Data extracts -
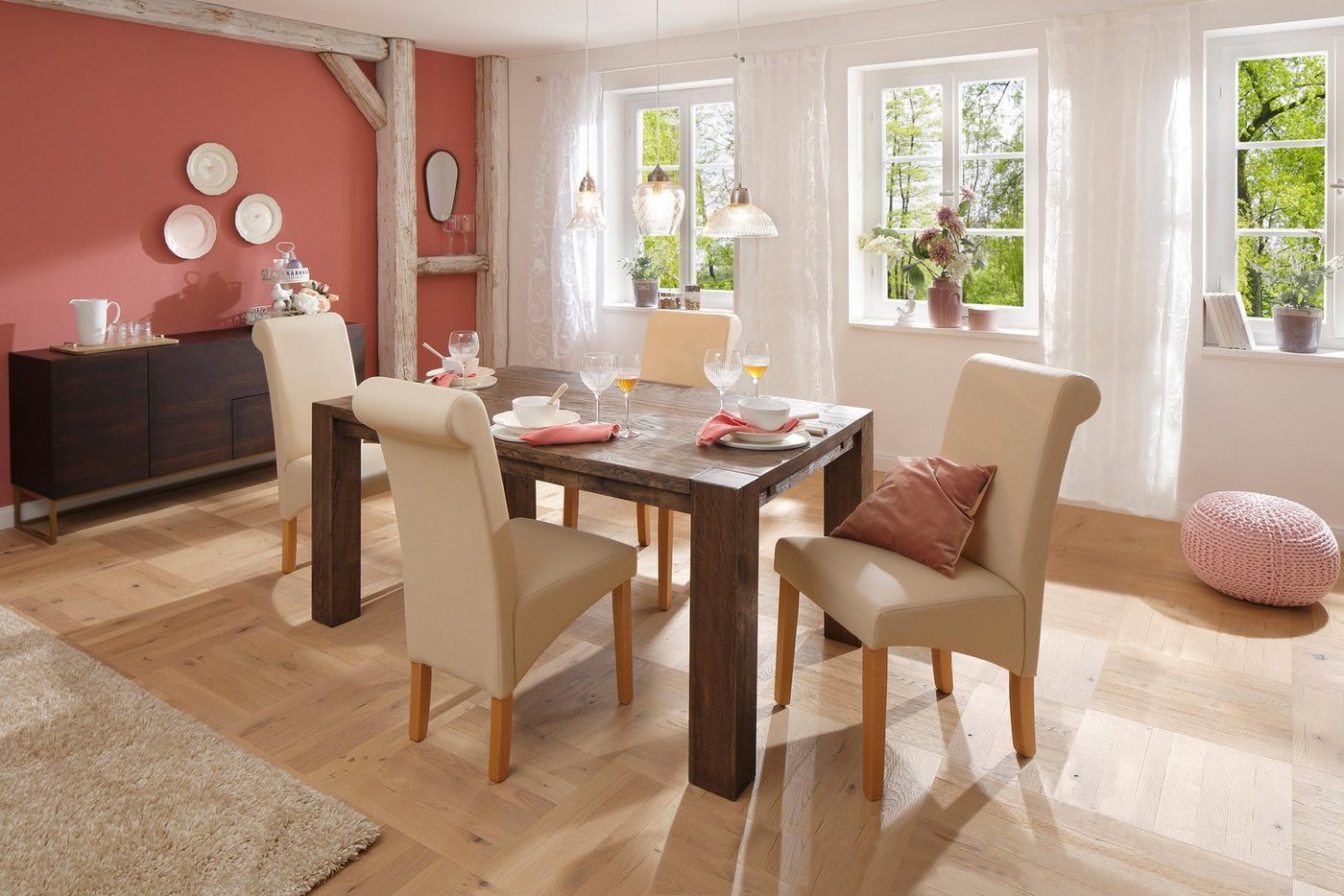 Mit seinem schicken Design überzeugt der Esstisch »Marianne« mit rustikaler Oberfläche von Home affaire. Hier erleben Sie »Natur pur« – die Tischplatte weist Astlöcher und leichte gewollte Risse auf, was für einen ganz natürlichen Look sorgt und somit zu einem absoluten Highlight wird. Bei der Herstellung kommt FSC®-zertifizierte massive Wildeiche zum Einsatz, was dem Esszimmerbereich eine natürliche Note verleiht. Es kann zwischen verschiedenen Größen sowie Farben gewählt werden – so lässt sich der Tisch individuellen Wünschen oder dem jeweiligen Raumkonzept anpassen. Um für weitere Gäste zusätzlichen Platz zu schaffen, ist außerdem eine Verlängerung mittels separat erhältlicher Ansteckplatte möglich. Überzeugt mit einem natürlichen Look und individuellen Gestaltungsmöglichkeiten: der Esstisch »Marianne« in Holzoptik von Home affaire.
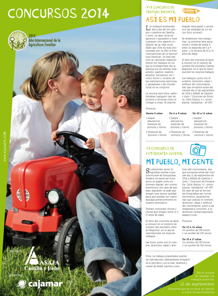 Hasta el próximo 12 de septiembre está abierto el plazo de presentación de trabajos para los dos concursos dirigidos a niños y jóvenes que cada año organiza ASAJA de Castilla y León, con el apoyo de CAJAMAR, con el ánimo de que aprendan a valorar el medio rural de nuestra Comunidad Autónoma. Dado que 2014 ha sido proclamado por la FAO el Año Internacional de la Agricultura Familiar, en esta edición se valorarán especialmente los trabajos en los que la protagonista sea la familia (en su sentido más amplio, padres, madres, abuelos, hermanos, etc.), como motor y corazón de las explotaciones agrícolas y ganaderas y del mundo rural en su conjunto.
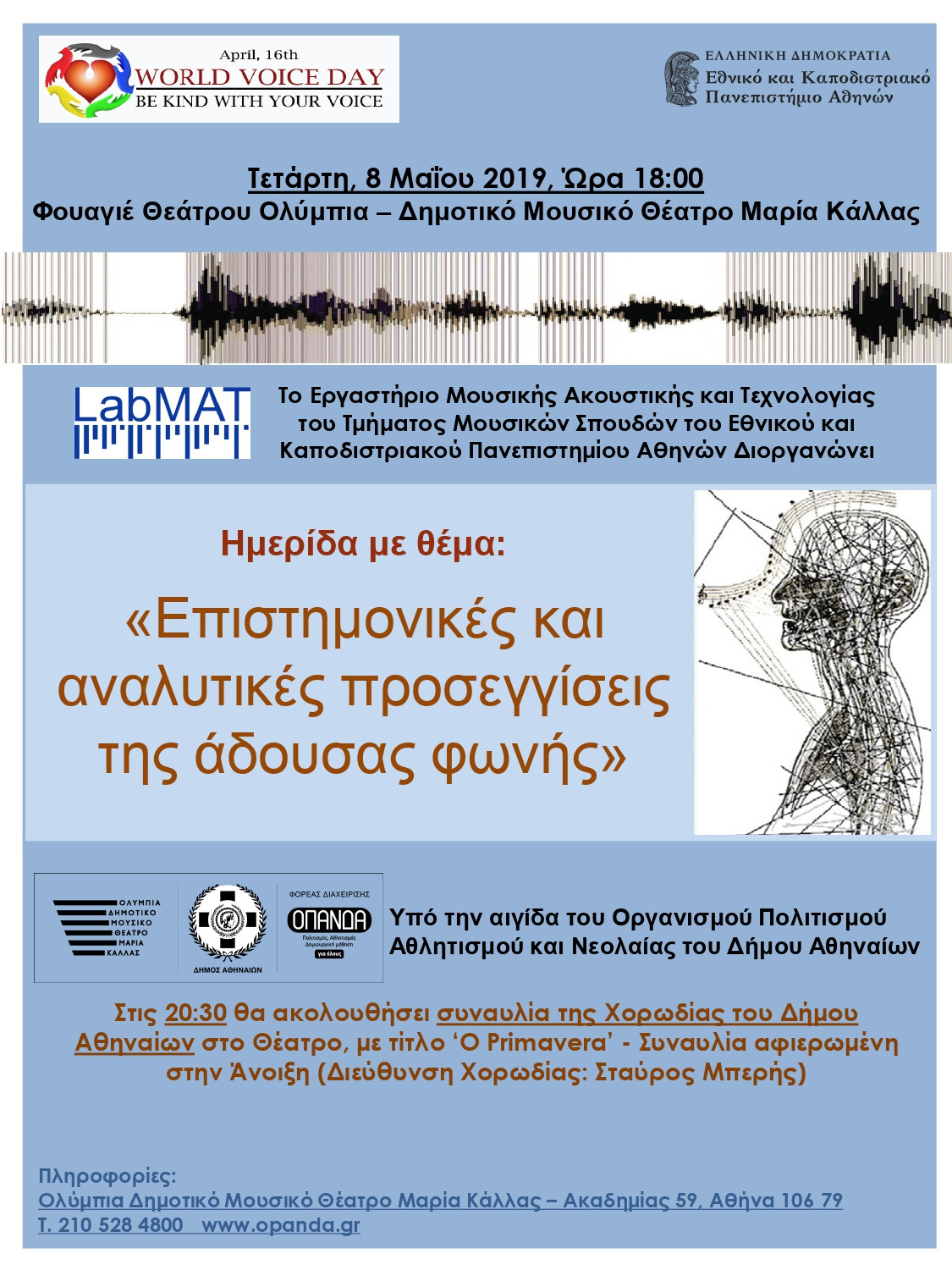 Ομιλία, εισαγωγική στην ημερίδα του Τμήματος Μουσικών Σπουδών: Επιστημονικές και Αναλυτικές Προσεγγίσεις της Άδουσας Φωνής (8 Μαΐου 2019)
...
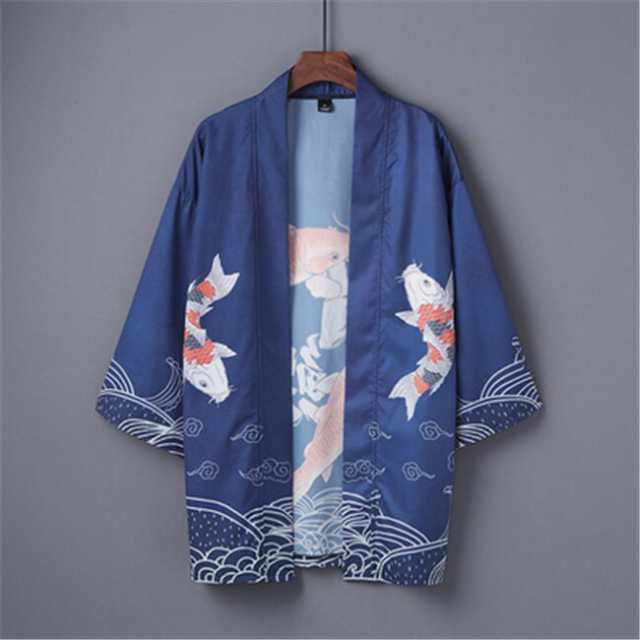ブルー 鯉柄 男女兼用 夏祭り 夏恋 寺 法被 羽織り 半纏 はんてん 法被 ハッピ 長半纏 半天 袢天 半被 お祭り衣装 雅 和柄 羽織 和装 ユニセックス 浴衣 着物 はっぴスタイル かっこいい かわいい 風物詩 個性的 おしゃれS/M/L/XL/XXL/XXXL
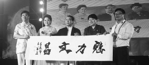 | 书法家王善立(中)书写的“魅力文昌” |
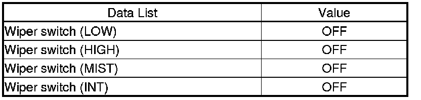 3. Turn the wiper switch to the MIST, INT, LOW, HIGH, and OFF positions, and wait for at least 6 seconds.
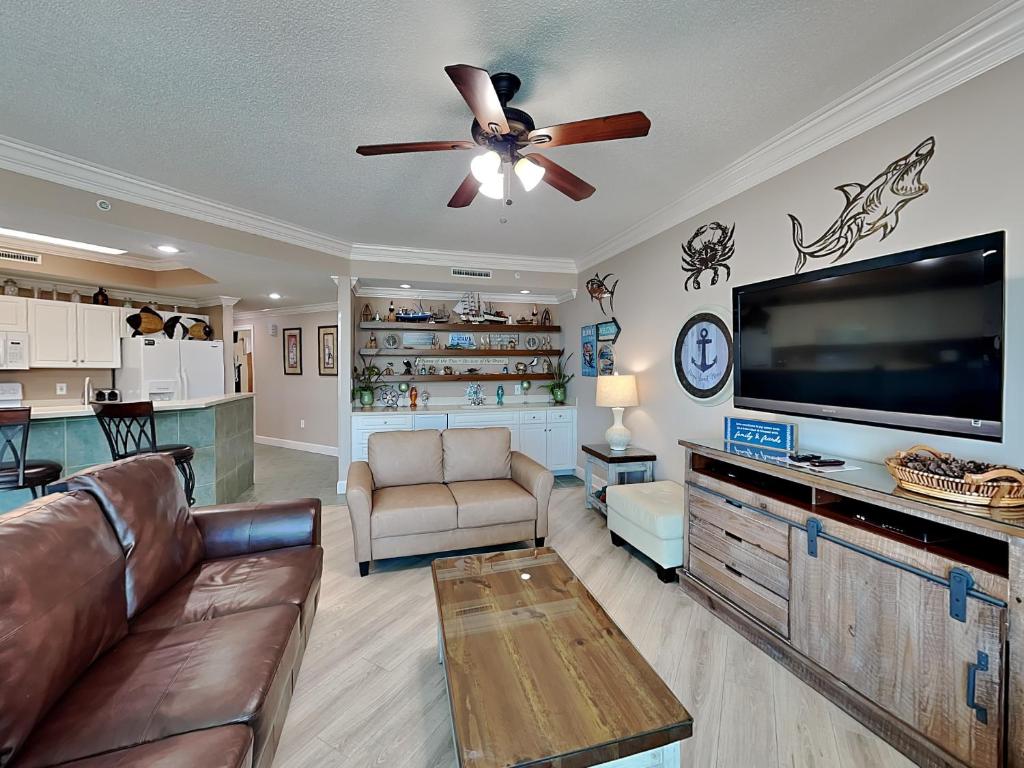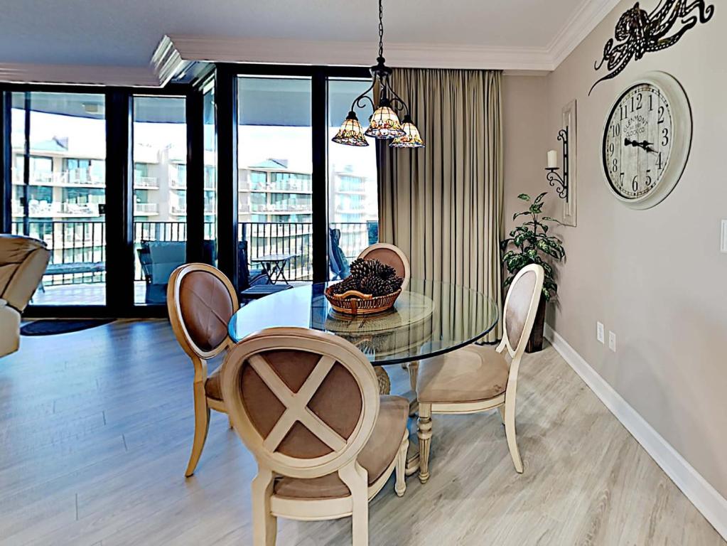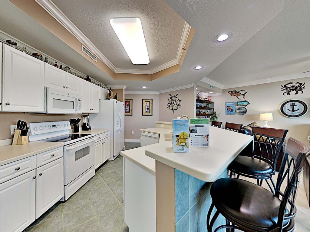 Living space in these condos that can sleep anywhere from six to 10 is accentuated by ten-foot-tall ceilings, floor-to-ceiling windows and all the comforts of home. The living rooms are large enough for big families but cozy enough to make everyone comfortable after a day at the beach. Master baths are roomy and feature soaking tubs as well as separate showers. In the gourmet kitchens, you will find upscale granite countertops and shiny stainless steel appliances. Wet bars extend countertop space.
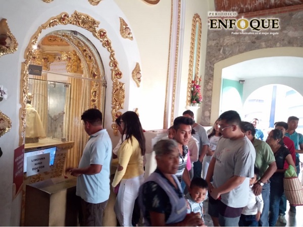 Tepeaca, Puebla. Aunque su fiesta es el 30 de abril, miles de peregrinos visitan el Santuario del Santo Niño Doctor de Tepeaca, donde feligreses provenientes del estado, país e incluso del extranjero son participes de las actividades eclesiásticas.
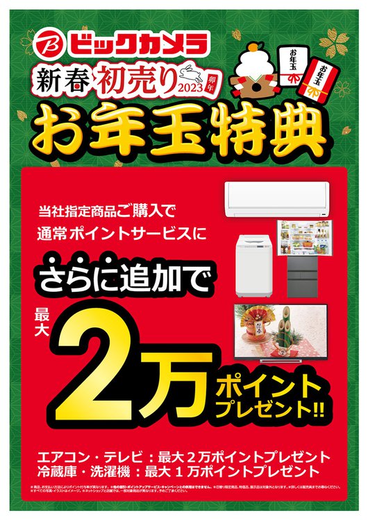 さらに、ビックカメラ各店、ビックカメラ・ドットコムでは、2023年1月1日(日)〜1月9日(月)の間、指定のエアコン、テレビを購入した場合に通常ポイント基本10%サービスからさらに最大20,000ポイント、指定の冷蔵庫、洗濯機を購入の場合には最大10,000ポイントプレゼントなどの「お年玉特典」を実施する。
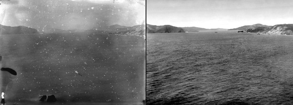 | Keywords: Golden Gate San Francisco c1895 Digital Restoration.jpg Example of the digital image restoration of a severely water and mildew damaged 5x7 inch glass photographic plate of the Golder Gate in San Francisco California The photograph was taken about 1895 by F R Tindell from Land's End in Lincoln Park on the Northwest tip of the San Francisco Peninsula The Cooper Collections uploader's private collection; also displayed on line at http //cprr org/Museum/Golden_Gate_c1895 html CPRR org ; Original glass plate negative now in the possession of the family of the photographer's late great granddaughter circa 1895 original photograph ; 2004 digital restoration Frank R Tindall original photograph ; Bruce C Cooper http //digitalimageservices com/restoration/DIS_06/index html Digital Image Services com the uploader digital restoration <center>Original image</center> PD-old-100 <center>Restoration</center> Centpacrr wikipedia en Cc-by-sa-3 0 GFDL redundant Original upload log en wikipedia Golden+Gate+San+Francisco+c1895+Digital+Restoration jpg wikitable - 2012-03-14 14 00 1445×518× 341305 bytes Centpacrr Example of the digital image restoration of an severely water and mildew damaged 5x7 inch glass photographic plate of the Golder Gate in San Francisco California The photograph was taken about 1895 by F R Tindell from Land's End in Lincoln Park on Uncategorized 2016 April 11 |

What this task involves - Above are the records; restate exactly the lines from the one containing "Tepeaca, Puebla. Aunque" through the one containing "2016 April 11 |", keeping pictures out.

Exercise output -
 Tepeaca, Puebla. Aunque su fiesta es el 30 de abril, miles de peregrinos visitan el Santuario del Santo Niño Doctor de Tepeaca, donde feligreses provenientes del estado, país e incluso del extranjero son participes de las actividades eclesiásticas.
 さらに、ビックカメラ各店、ビックカメラ・ドットコムでは、2023年1月1日(日)〜1月9日(月)の間、指定のエアコン、テレビを購入した場合に通常ポイント基本10%サービスからさらに最大20,000ポイント、指定の冷蔵庫、洗濯機を購入の場合には最大10,000ポイントプレゼントなどの「お年玉特典」を実施する。
 | Keywords: Golden Gate San Francisco c1895 Digital Restoration.jpg Example of the digital image restoration of a severely water and mildew damaged 5x7 inch glass photographic plate of the Golder Gate in San Francisco California The photograph was taken about 1895 by F R Tindell from Land's End in Lincoln Park on the Northwest tip of the San Francisco Peninsula The Cooper Collections uploader's private collection; also displayed on line at http //cprr org/Museum/Golden_Gate_c1895 html CPRR org ; Original glass plate negative now in the possession of the family of the photographer's late great granddaughter circa 1895 original photograph ; 2004 digital restoration Frank R Tindall original photograph ; Bruce C Cooper http //digitalimageservices com/restoration/DIS_06/index html Digital Image Services com the uploader digital restoration <center>Original image</center> PD-old-100 <center>Restoration</center> Centpacrr wikipedia en Cc-by-sa-3 0 GFDL redundant Original upload log en wikipedia Golden+Gate+San+Francisco+c1895+Digital+Restoration jpg wikitable - 2012-03-14 14 00 1445×518× 341305 bytes Centpacrr Example of the digital image restoration of an severely water and mildew damaged 5x7 inch glass photographic plate of the Golder Gate in San Francisco California The photograph was taken about 1895 by F R Tindell from Land's End in Lincoln Park on Uncategorized 2016 April 11 |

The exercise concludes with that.